What is being asked:
Write out the lines below exactly, beginning at the one with "Funny Duck with" and stopping after the one with "sides trimmed. |"; the pictures are not copied.

Given information:
=== Section Start ===

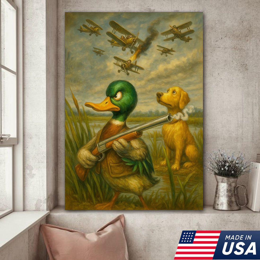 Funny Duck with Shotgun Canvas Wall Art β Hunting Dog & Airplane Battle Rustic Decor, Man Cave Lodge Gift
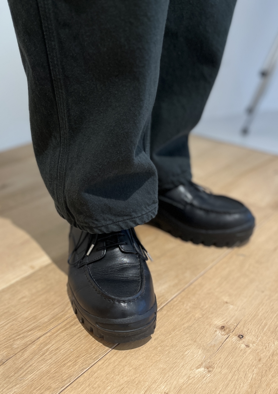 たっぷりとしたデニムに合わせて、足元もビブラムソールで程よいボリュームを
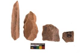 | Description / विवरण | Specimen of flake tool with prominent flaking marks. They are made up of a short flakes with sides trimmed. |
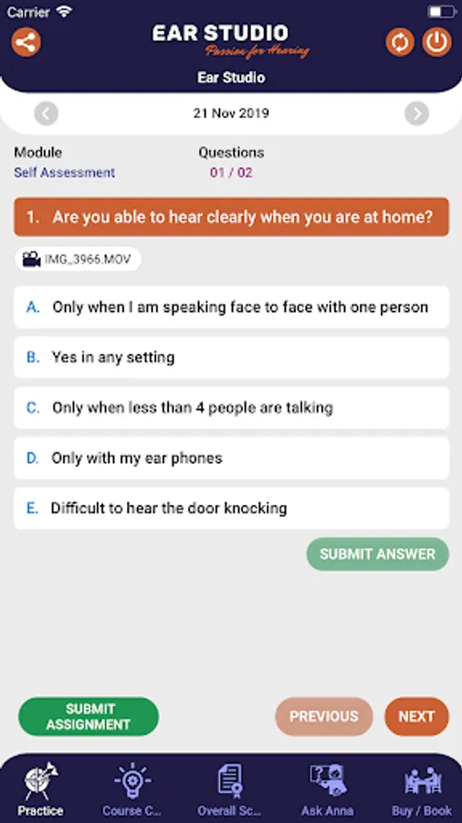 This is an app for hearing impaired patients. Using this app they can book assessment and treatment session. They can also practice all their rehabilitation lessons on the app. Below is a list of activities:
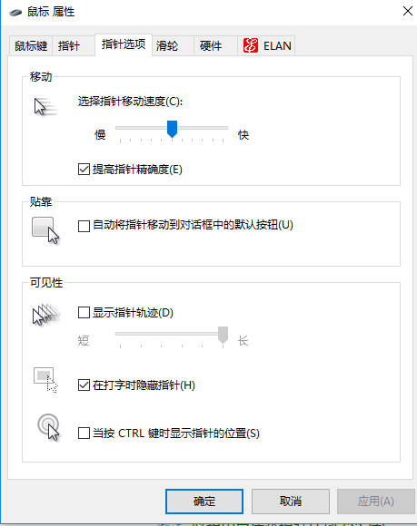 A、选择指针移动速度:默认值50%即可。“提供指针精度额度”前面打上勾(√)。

=== Section End ===
=== Section Start ===

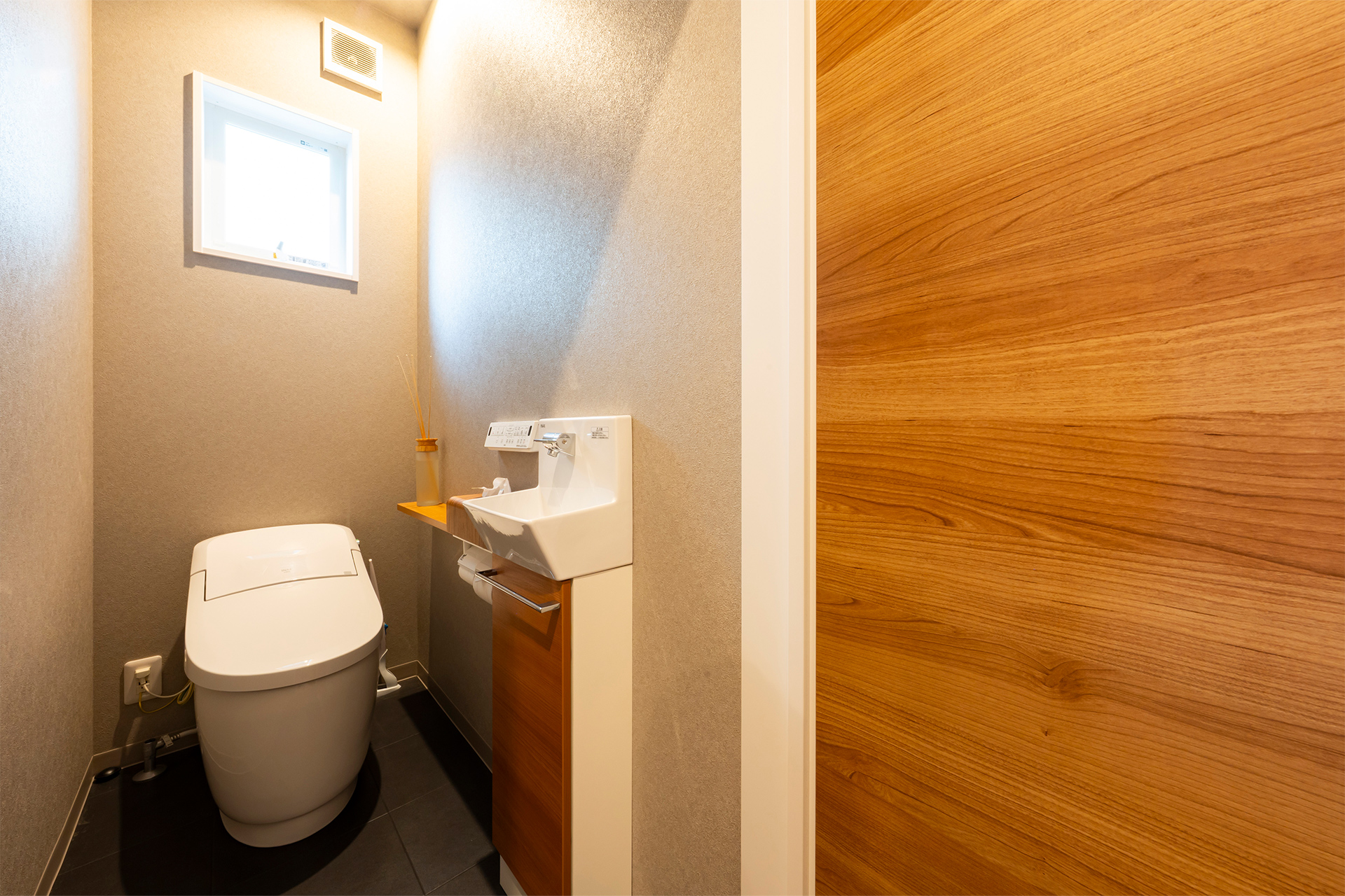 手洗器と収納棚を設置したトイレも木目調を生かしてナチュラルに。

=== Section End ===
=== Section Start ===

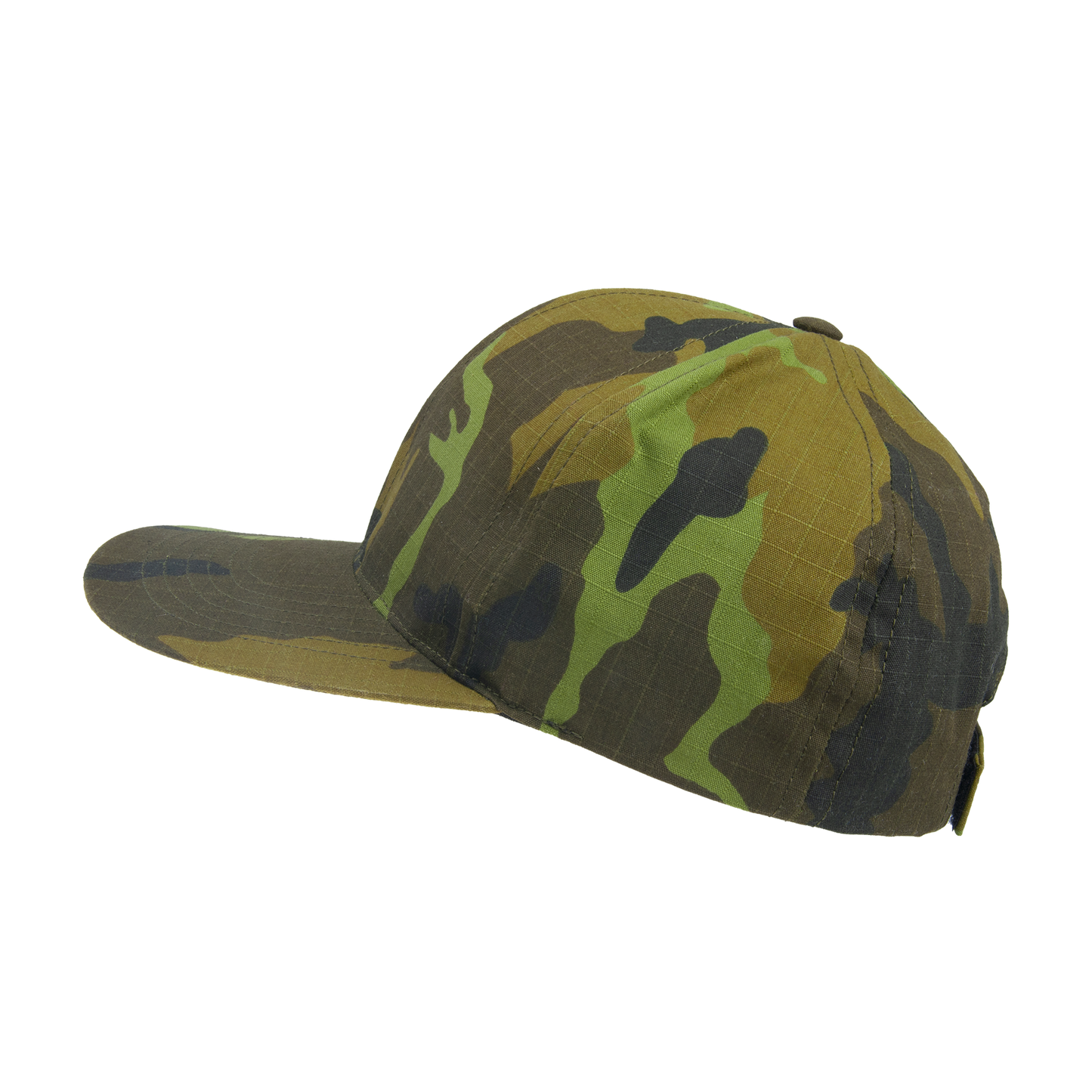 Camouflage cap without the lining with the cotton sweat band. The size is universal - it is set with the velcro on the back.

=== Section End ===

Result:
 Funny Duck with Shotgun Canvas Wall Art β Hunting Dog & Airplane Battle Rustic Decor, Man Cave Lodge Gift
 たっぷりとしたデニムに合わせて、足元もビブラムソールで程よいボリュームを
 | Description / विवरण | Specimen of flake tool with prominent flaking marks. They are made up of a short flakes with sides trimmed. |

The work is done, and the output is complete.